* Your instructions:
Begin the copy at the line containing "자동 정차 기능 작동" in the data below and end it at the line containing "Gigi Fagnani e", keeping each line exact and leaving out pictures.

* Task data:
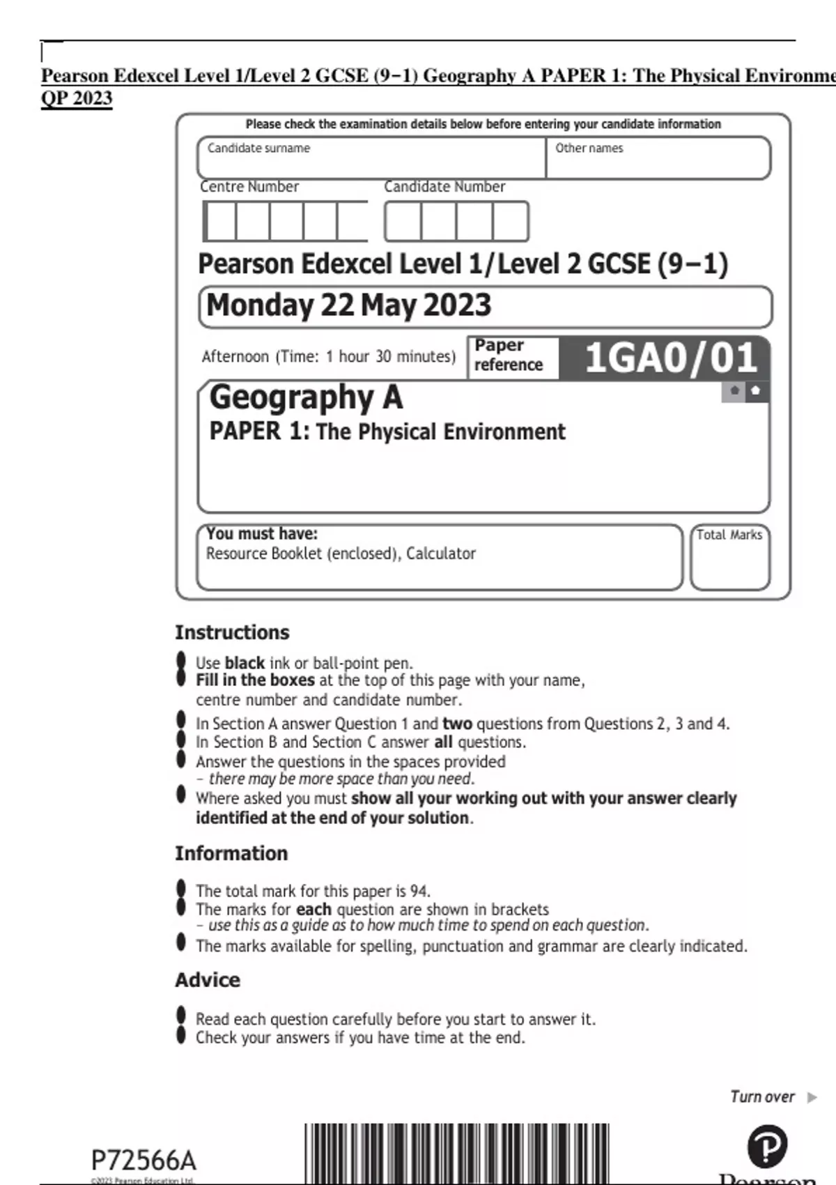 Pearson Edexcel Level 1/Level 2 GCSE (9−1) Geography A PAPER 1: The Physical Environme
--
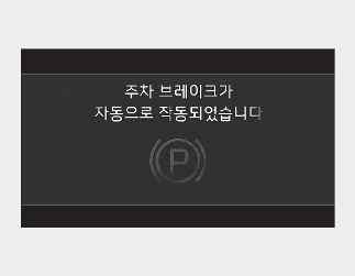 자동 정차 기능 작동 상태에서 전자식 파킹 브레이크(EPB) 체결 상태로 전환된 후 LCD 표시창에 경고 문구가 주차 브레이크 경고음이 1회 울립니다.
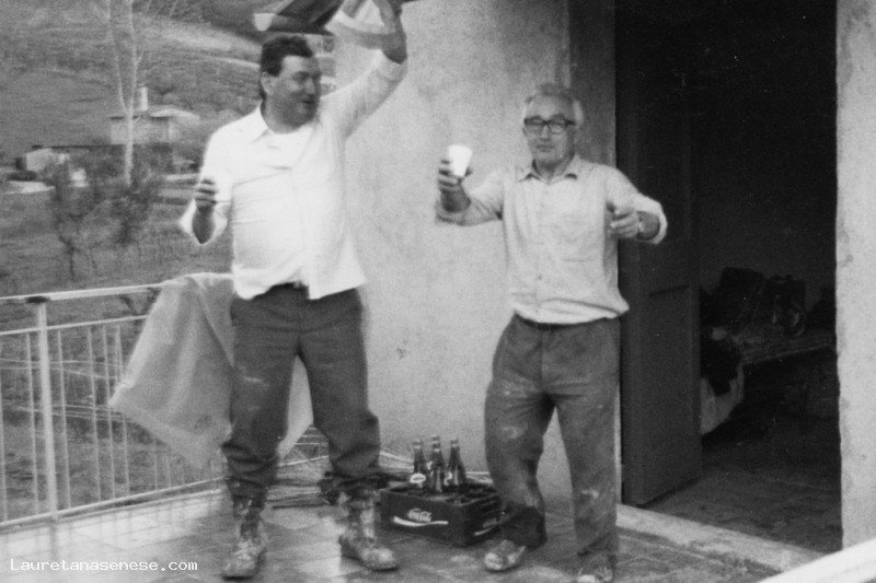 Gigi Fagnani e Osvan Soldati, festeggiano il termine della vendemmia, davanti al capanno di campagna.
==
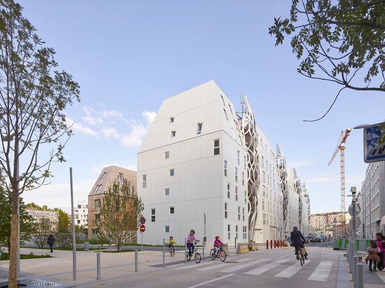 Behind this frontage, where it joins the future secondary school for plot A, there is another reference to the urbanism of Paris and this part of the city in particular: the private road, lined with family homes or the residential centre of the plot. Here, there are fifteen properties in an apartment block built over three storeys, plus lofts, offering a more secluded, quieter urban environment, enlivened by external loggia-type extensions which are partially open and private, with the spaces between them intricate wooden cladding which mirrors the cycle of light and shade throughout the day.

* The answer:
 자동 정차 기능 작동 상태에서 전자식 파킹 브레이크(EPB) 체결 상태로 전환된 후 LCD 표시창에 경고 문구가 주차 브레이크 경고음이 1회 울립니다.
 Gigi Fagnani e Osvan Soldati, festeggiano il termine della vendemmia, davanti al capanno di campagna.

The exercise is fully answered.